Investigating the oxygen bond cleavage and its migration mechanisms during the pyrolysis process of sub-bituminous coals is essential for their classification utilization. The present study employed a fixed-bed pyrolysis technique (temperature range: 350–600 °C) to explore the cleavage of oxygen-containing bonds and subsequent behavior of oxygen migration and transformation during the pyrolysis process of Naomaohu sub-bituminous coal (NSBC). X-ray photoelectron spectroscopy and Fourier transform infrared spectroscopy results reveal that the organic oxygen in NSBC predominantly exists as the form of C–O bonds, accounting for 22.81 wt% of the total composition, mainly encompassing hydroxyl, carbonyl, ester, and ether groups. The organic oxygen in the light tar is mainly in the form of phenols, reaching 1.71 wt%, of which methyl substituted phenols is predominant at a final pyrolysis temperature of 600 °C. This can be attributed to the presence of more aryl ether bonds and hydroxyl groups in NSBC, which are prone to cleavage at higher temperatures, resulting in the formation of phenoxyl radicals. Additionally, the higher temperature facilitates the weakening of hydrogen bonds between phenolic hydroxyl groups, thereby enhancing the yield of phenolic compounds. The ester compounds present a decreasing trend with increasing temperature, primarily associated with the cleavage temperature of ester linkers being 350 °C, suggesting that an increase in temperature favors the cleavage of ester bonds. In addition, the cleavage of C–O bonds begins to accelerate significantly during the pyrolysis temperature range of 450–500 °C, subsequently accounting for the pronounced proliferation of phenols within this specific thermal interval.

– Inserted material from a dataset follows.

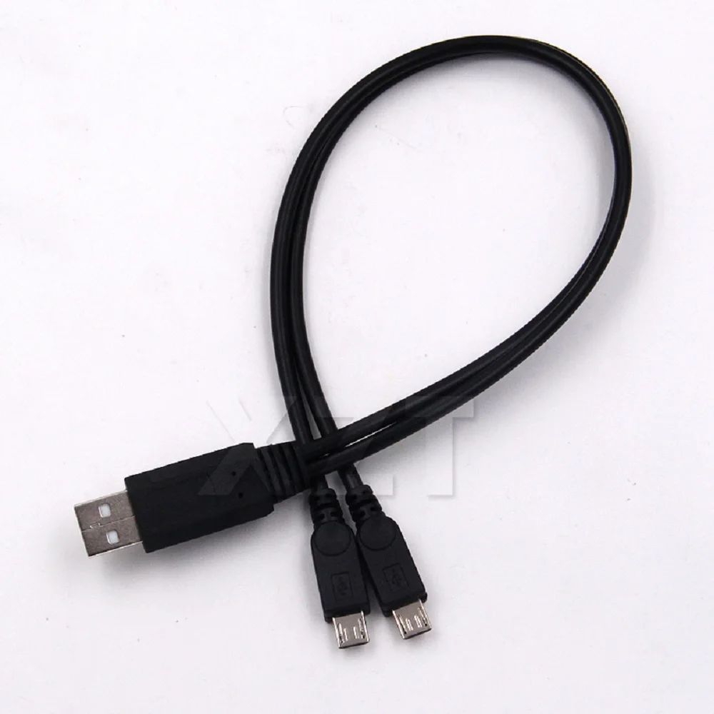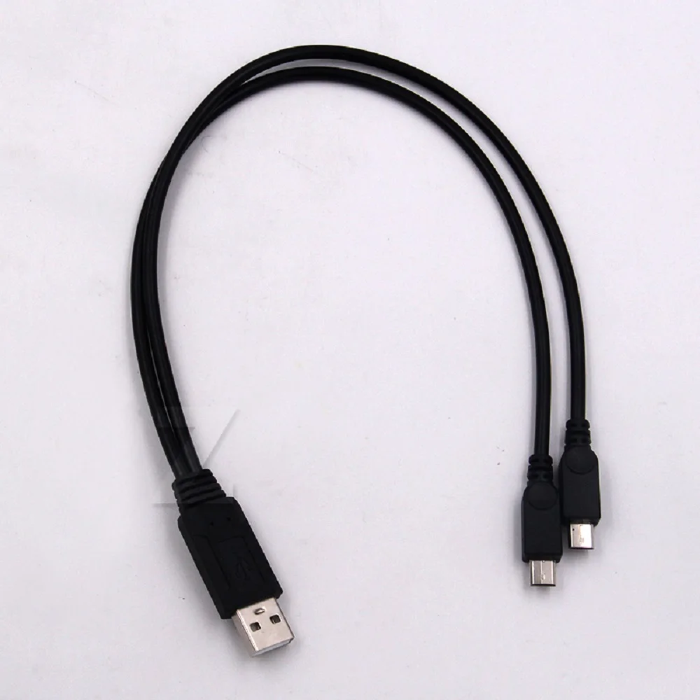 Experience the convenience of this this portable USB Y-shaped splitter cable, designed to allow you to charge two mobile phones simultaneously. Crafted with sleek black plastic and a flexible matte finish, it offers a simple yet functional aesthetic suited for everyday use. The main USB Type-A male connector features a rectangular shape with sharp, clean lines and metallic contacts visible at the tip, emphasizing durability and reliability. Extending from this are two micro USB male connectors, matching in rectangular form with rounded edges, creating a cohesive, minimalist design. Compact and unobtrusive, this cable is perfect for emergencies or daily multitasking, saving time and space. Its streamlined silhouette ensures compatibility with most smart devices for a hassle-free charging experience.

The oxygen content in semi-coke decreased with the increase of temperature, from 85.27 wt% at 350 °C to 37.17 wt% at 600 °C, while the oxygen content in the pyrolysis gas increases from 11.63 wt% at 350 °C to 47.53 wt% at 600 °C, indicating that a significant migration of organic oxygen to the pyrolysis gas during the pyrolysis of NSBC. This study can deepen the understanding of the transformation mechanism of oxygen-containing structure in NSBC pyrolysis process, and provide a theoretical basis for high-grade utilization of low-rank coals.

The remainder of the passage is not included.